Diagnosing De Quervain's Tendinosis

Finkelstein test

To diagnose De Quervain's tendinosis, a physician may ask the patient to place his or her thumb against their hand, making a fist with their fingers closed over the thumb, and then bending the wrist toward the little finger. If the patient has De Quervain's tendinosis, this test is quite painful, causing tendon pain on the thumb side of the wrist.

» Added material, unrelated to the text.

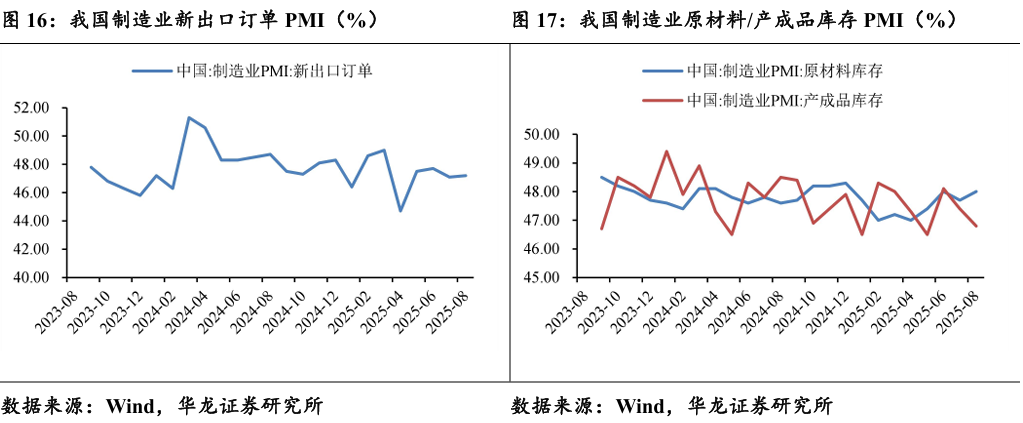 得益于我国出口多元化以及新兴市场需求的提振,2025年8月新出口 订单指数为47.2%,环比小幅回升0.1pct,呈现边际企稳迹象。

Treatments for De Quervain's Tendinosis

Bracing/Splinting

A splint, also known as a brace, is a rigid device that holds a body part in place so that it is unable to move. It is usually used as a treatment for a suspected fracture, sprain/ligament damage, or other injury. It can be applied by first responders in the event of trauma. Splints can reduce pain, aid in proper healing, and can also prevent further injury. They can be worn for several days or weeks to hold the body part in place for the duration of healing time.

Nonsteroidal anti-inflammatory drugs (NSAIDs)

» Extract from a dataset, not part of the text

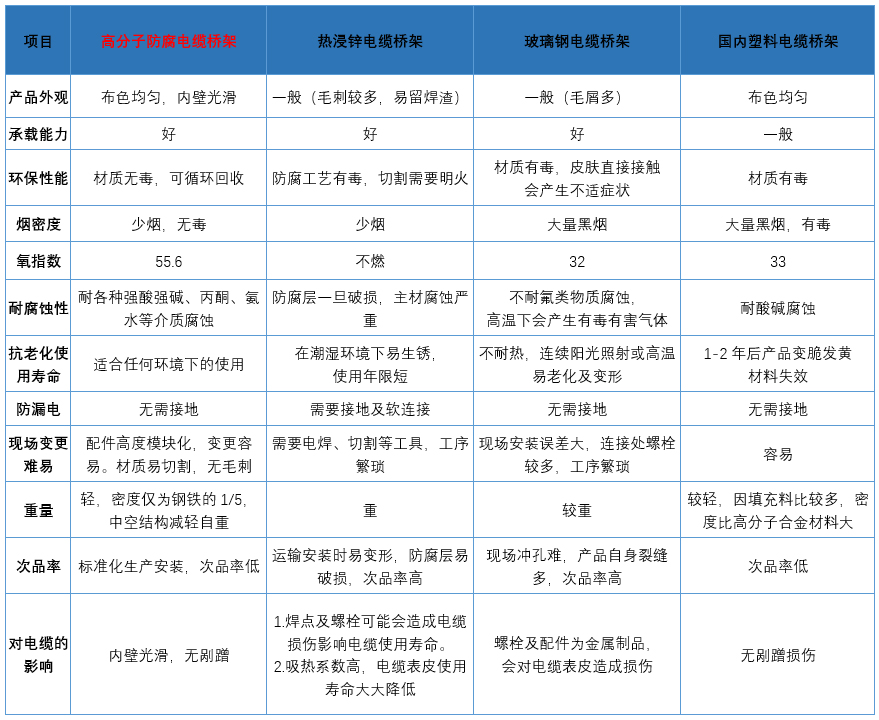 高分子合金电缆桥架是在传统金属电缆桥架的基础结构上进行改造升级,改变金属电缆桥架单层结构,结合塑料挤出工艺,采用PVC、ABS、PS等高分子树脂及多种精细化工助剂,经过塑料改性,应用特制设备、模具挤制制成的一种兼具传统金属桥架载荷能力及塑料制品绝缘阻燃性能、耐腐蚀长寿命性能的新型电缆桥架。高分子合金电缆桥架克服了传统金属电缆桥架金属材质的工况缺陷,适用于潮湿、腐蚀气体、静电、液体、酸碱附着等恶劣环境下的线缆敷设工程。

A class of medications, including but not limited to aspirin, naproxen, and ibuprofen, that are used for reducing pain and redness, swelling, and heat (inflammation) in arthritis and other painful inflammatory disorders.

Activity Modification

Physicians may prescribe general lifestyle changes to a patient, in order to help relieve the symptoms of their condition and improve their overall physical function and well-being. Depending on the medical condition being treated, activity modification may include: decreasing or increasing one's level of physical activity; added rest; beginning a new activity or exercise program; changing sleep habits; or modifying one's physical environment at home, in their vehicle, or at work.

Corticosteroid injections

Also known as cortisone shots, these are injections that may help relieve pain and inflammation in a specific area of the body. Cortisone shots are most commonly given into joints — such as the ankle, elbow, hip, knee, shoulder, spine, and wrist.

Surgery for De Quervain's Tendinosis

This procedure is an option for patients with severe cases of De Quervain's Tendinosis, or whose symptoms do not improve. The goal of the surgery is to open the thumb compartment (covering) to make more room for the irritated tendons. Normal use of the hand usually can be resumed once comfort and strength have returned.